1 candidate will be elected to be secretary for AHUG.
Eric Boyer, GENCI
Eric is the HPC HPDA IA project manager at GENCI (“Grand Equipement National pour le Calcul Intensif”). The objective of his mission is mainly to serve the HPC project “Exascale-France”, supported by the EEC, which will lead to the commissioning of computing resources of exceptional size and based on sovereign technologies by 2024. He is responsible for GENCI’s participation in projects towards the ramp-up of France Exascale project (EUPEX https://eupex.eu and EPI https://www.european-processor-initiative.eu). Eric coordinates the national technology watch, bringing together experts from CEA, CNRS, Inria and national computing centers, focused on energy efficiency and the preparation of scientific communities He has been in charge of this effort since its initial setup in 2014.
He has been the Head of the High-Performance Computing Department at CINES from 2018 to 2021. Eric has a degree in applied mathematics and physics and an engineer degree in computer science.

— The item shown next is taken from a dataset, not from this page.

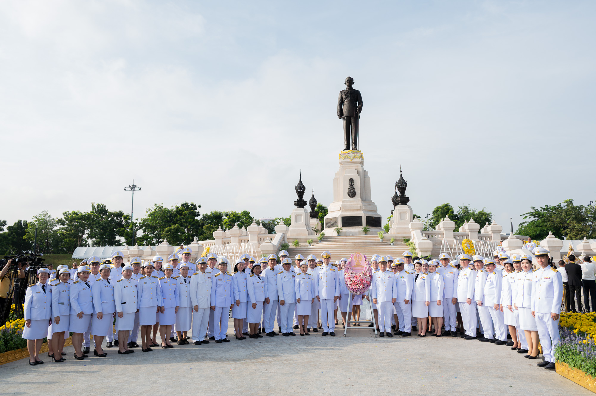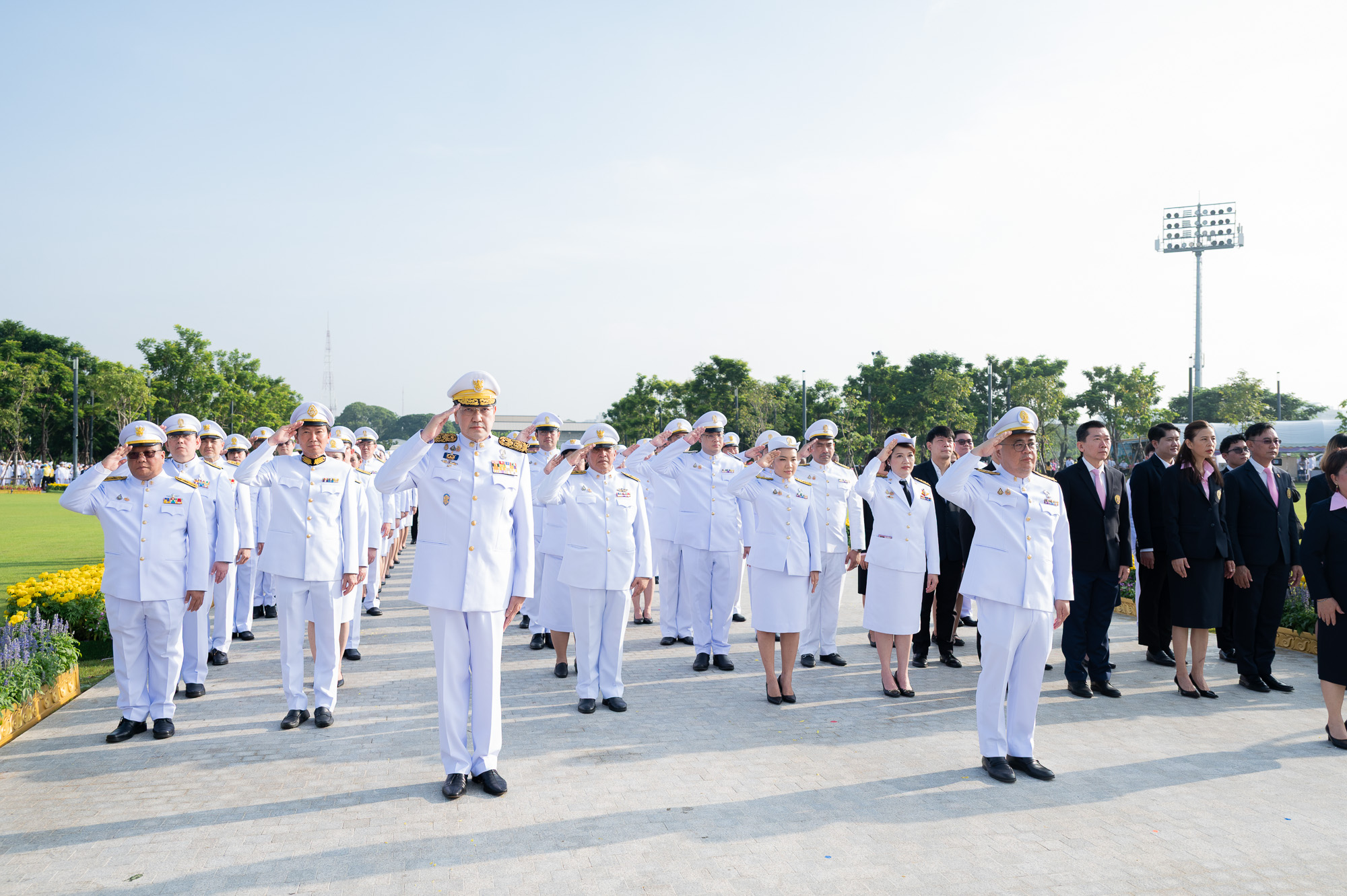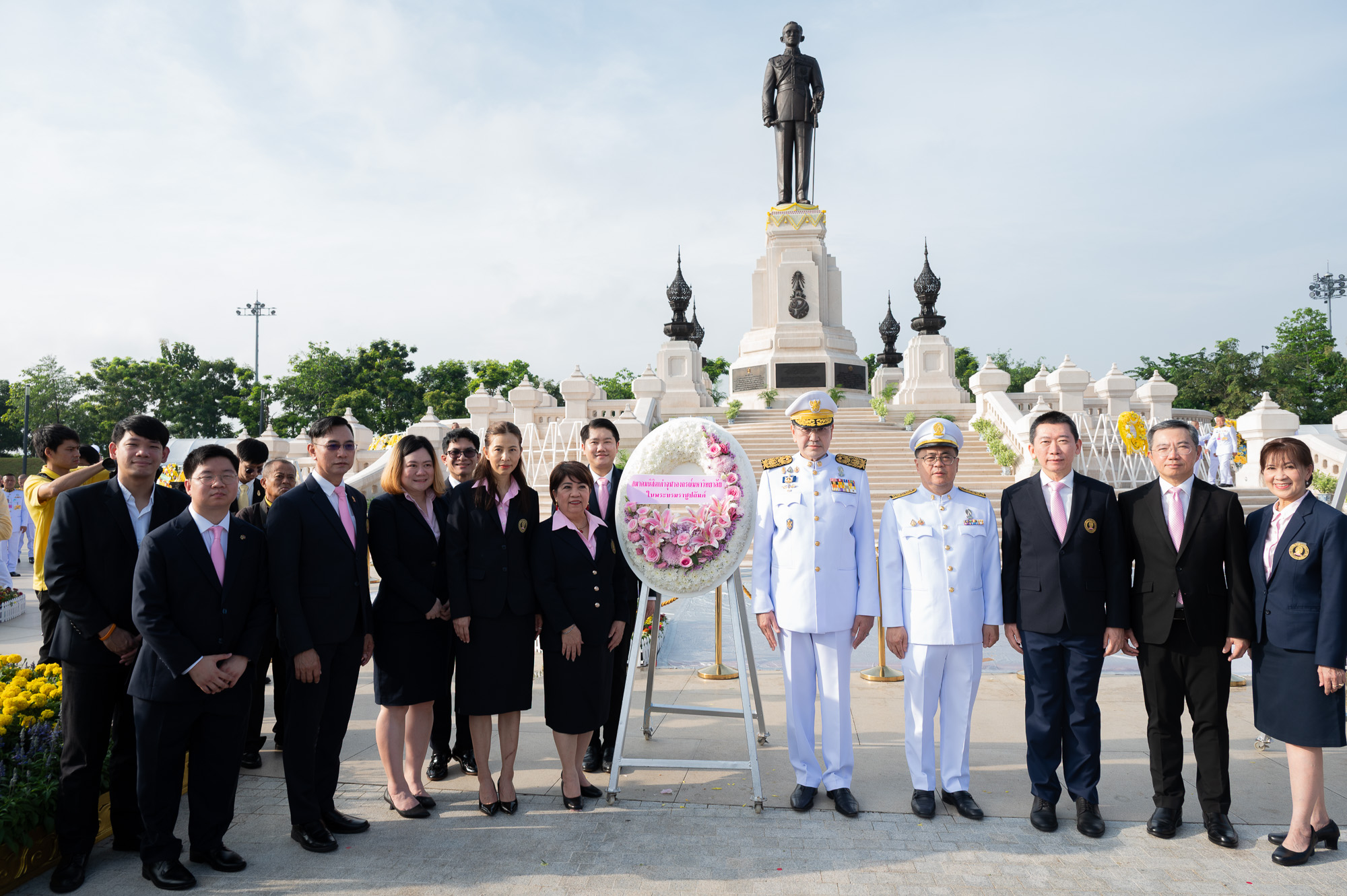 ศ. (พิเศษ) ดร.สุรเกียรติ์ เสถียรไทย นายกสภาจุฬาลงกรณ์มหาวิทยาลัย ศ.ดร.วิเลิศ ภูริวัชร อธิการบดีจุฬาฯ พร้อมด้วยกรรมการสภามหาวิทยาลัย ผู้บริหารจุฬาฯ คณาจารย์ บุคลากร นิสิตจุฬาฯ และผู้แทนจากสมาคมนิสิตเก่าจุฬาฯ ร่วมพิธีวางพวงมาลาถวายสักการะและถวายบังคมพระบรมราชานุสาวรีย์พระบาทสมเด็จพระบรมชนกาธิเบศร มหาภูมิพลอดุลยเดชมหาราช บรมนาถบพิตร เนื่องใน “วันนวมินทรมหาราช” เมื่อวันจันทร์ที่ 13 ตุลาคม 2568 เวลา 07.30 น. ณ อุทยานเฉลิมพระเกียรติพระบาทสมเด็จพระบรมชนกาธิเบศร มหาภูมิพลอดุลยเดชมหาราช บรมนาถบพิตร

Personal Statement of Interest: The French HPC community plays an important role in the Arm HPC ecosystem, and it matters to have it represented. The key role of the technology watch group, animated by GENCI is a matching vehicle to handle this objective.

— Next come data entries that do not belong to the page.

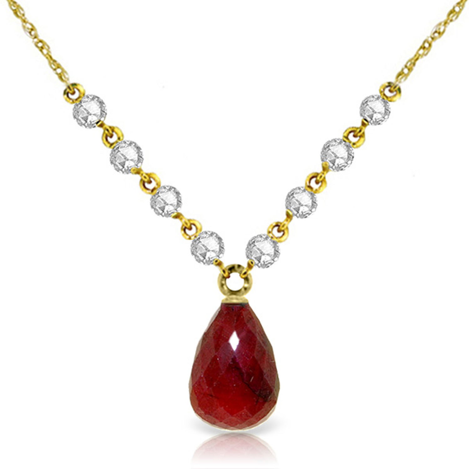 Includes 18" long, 1.15 mm thickness double link Rope Chain. A Natural Ruby briolette pendant having a 0.80 total carat weight with natural diamonds suspended in this 14 karat Solid Gold Necklace.. Length options from 14" to 24".
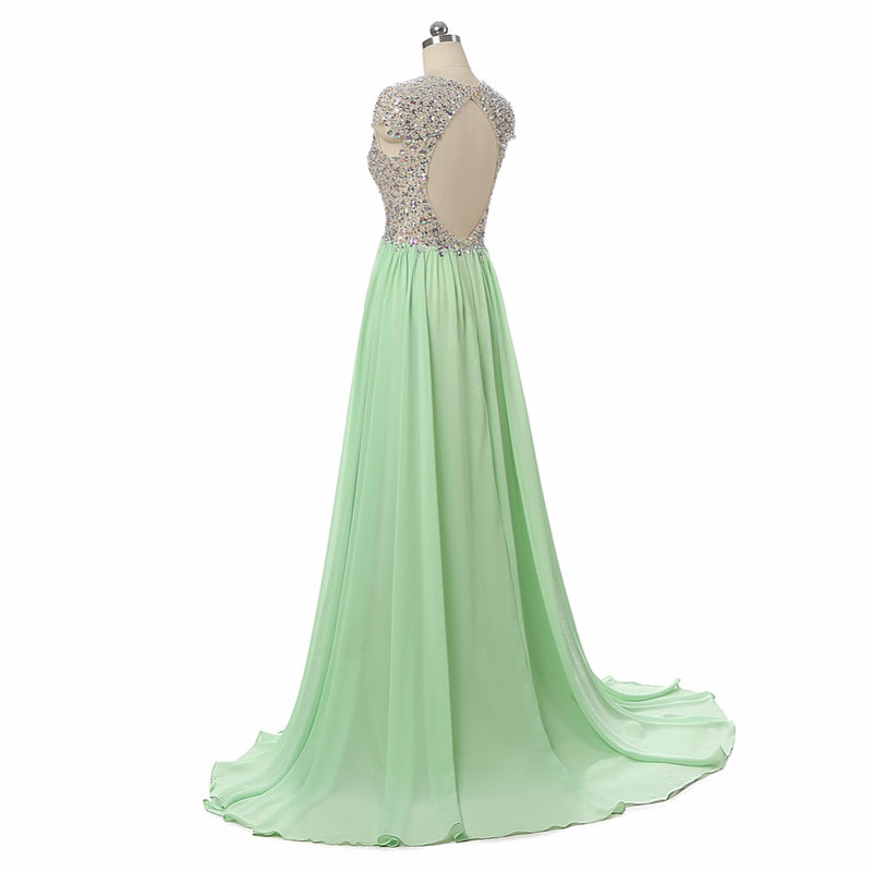 Siaoryne LP007 Cap Sleeves Crystal Long Chiffon Prom Dresses with sexy Split
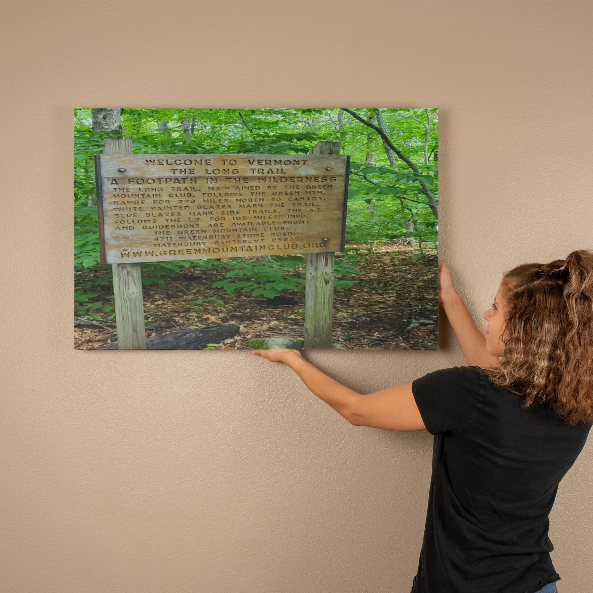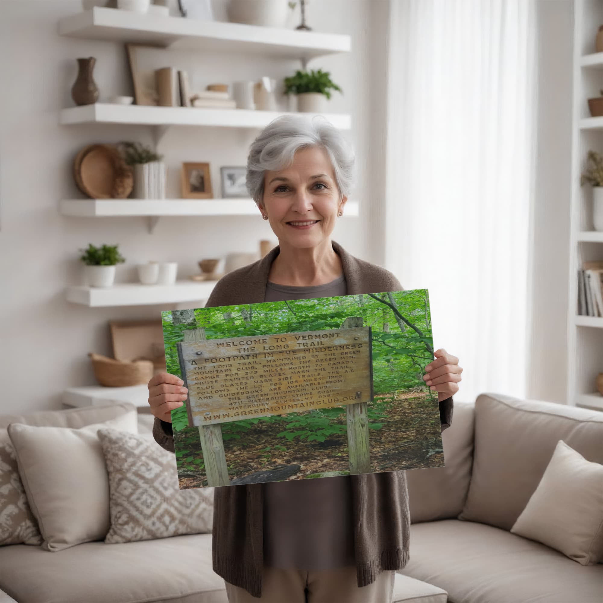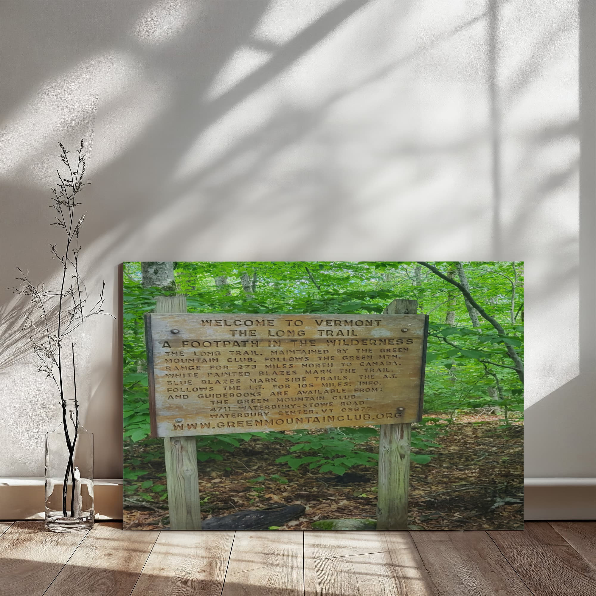 A weathered wooden sign stands at the threshold of Vermont’s legendary Long Trail, inviting adventurers into the heart of the Green Mountains. A gateway to history, endurance, and the untamed beauty of the wilderness.

Aaron Jezghani, Georgia Institute of Technology
Aaron earned his doctorate in physics from the University of Kentucky, where he studied neutron and nuclear beta decay as a precision test of the Standard Model. His research focused primarily on custom FPGA-based signal processing for particle detection, but he also contributed significantly to simulation and analysis code for x86 and GPU architectures. After finishing, he joined the Partnership for an Advanced Computing Environment (PACE) at Georgia Tech as a research computing facilitator, where he provided HPC training, wrote documentation, and supported user efforts. Aaron also works closely with faculty from the Center for Research into Novel Computing Hierarchies (CRNCH), supporting enterprise infrastructure and user workflows on the collection of post-Moore architectures. He has been an instructor for Georgia Tech’s Team Phoenix VIP course since 2020, and recently took on the role of instructor for the Future Computing with the Rogues Gallery VIP course. Currently, Aaron focuses his attention on improving access and experience to computational resources, especially emerging and cloud technologies. Outside of his work at Georgia Tech, he is an active member of the Association for Computing Machinery and volunteers his time to mentor students and researchers through programs such as Microsoft TEALS and Nvidia GPU Hackathons.

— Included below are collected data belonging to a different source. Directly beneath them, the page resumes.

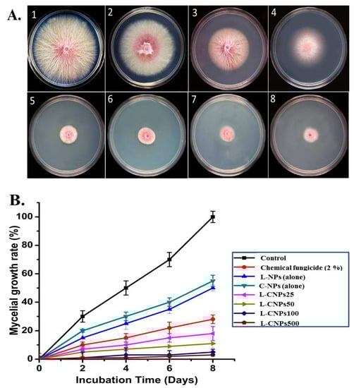 The antifungal activity of the prepared L-CNPs at four different concentrations (25, 50, 100, and 500 mg/L) against F. verticillioides was evaluated following the growth rate method to select the more effective concentration of L-CNPs. Briefly, F. verticillioides mycelial discs (7 mm in diameter) cultured on potato dextrose agar (PDA) plates were carefully cut from the colony’s plate edges and deposited on the synthetic media plates supplemented with the above concentrations of the formed L-CNPs. The inoculated plates were then incubated for 4, 6, and 8 days at 25 °C ± 1. Following incubation, the mycelial radial growth of F. verticillioides was evaluated in all plates, and data were given as the percentage of inhibition []:
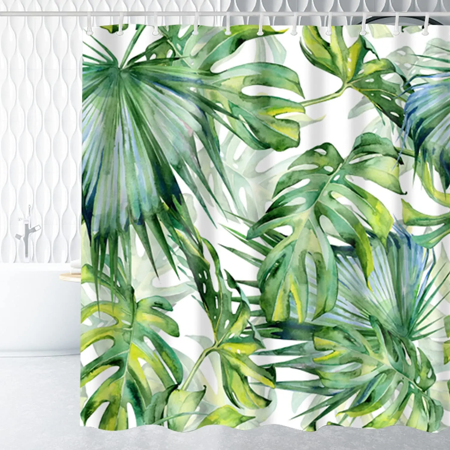 Тропические занавески для душа с зелеными листьями, набор акварельных занавесок с листьями ладони на белом фоне, занавески для ванной из полиэстера с крючками
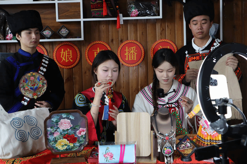 团队在前期调研的基础上,积极探索“推普+非遗”路径,电子商务专业的同学在工坊直播间进行现场直播,介绍推广彝绣产品,讲解纹样寓意、展示成品细节,一件件精美的彝绣手包、团扇、布鞋、挂饰……展示出独特的非遗技艺与民族文化。团队通过“普通话培训+电商直播”等形式,帮助非遗传承人突破语言壁垒,从指尖技艺到指尖经济,实现传统文化与现代经济的融合发展。
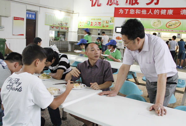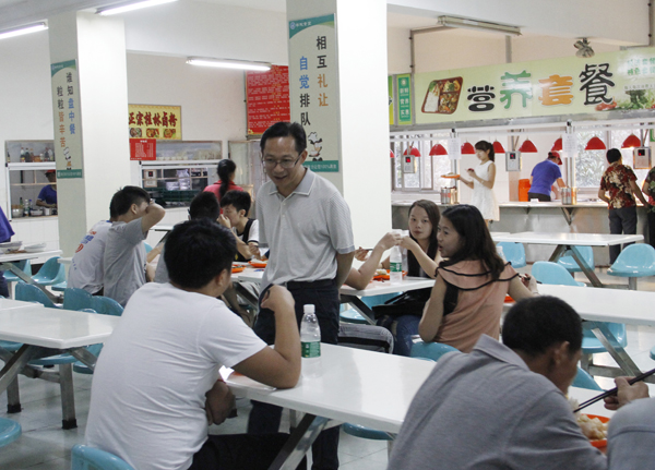 随后,李海涛、郭超一行来到了食堂,跟正在就餐的新生及家长了解食堂伙食情况。当有新生反映不了解一卡通如何使用和米饭计量计价等问题时,郭超院长当即指示有关部门迅速予以解释和解决。
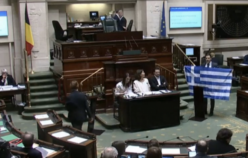 ΒΕΛΓΙΟ: Βουλευτής ύψωσε την ελληνική σημαία σε ομιλία του
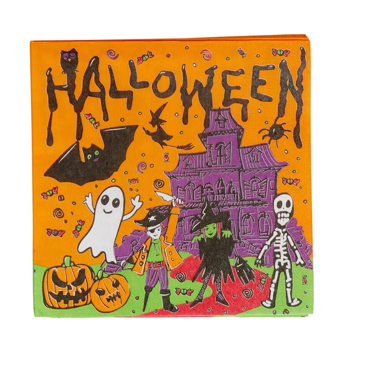 10 serviettes jetables orange à motifs pour votre décoration de tableHalloween.
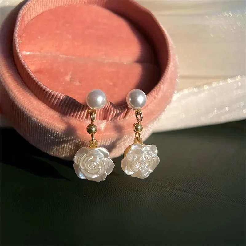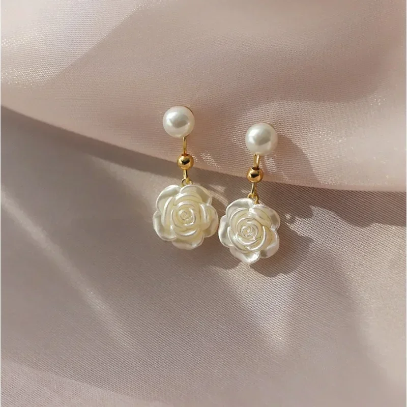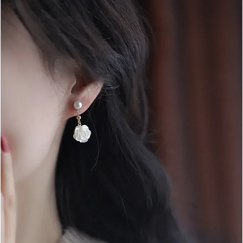 سيرجيجي Жыыы النساء كاميليا اللؤلؤ القرط المتخصصة تصميم تحسس ترصيع موضة فريدة زهرة أقراط ثقب المجوهرات النسائية
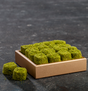 الجزء الخارجي مغطى بالكامل بمسحوق الفستق؛ من خلال الجمع بين لذيذ الحلقوم التركي والفستق، قمنا بإنتاج الحلقوم التركي الذي تحلم به.
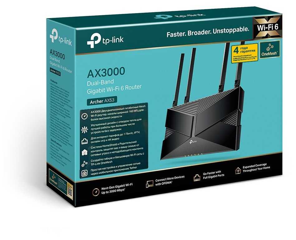 Дополнительная информация : | комплектация: Wi-Fi роутер Archer AX53, адаптер питания, кабель Ethernet RJ45, руководство по быстрой настройке |
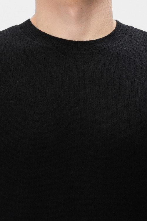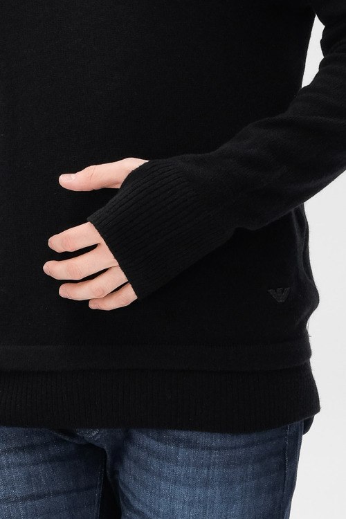 Детали: Мужской черный джемпер из шерсти и кашемира от Emporio Armani (Эмпорио Армани). Нашивка с логотипом, круглый вырез горловины, манжеты с вырезом для большого пальца, классическая длина

Personal Statement of Interest: One of my main goals in serving as a board member for AHUG is to advocate more strongly for the adoption of compelling technologies such as Arm processors for HPC and computational research. Georgia Tech currently hosts a variety of architectures ranging from the A9 processors in our instructional FPGA cluster to the Bluefield SmartNICs for accelerated network processing to the stand-alone A64FX testbed, and likely will begin broader support for various cloud architectures as researchers continue seeking improved efficiency and novel approaches to computing. As a board member, I could best join my on-campus efforts with the Arm community at large.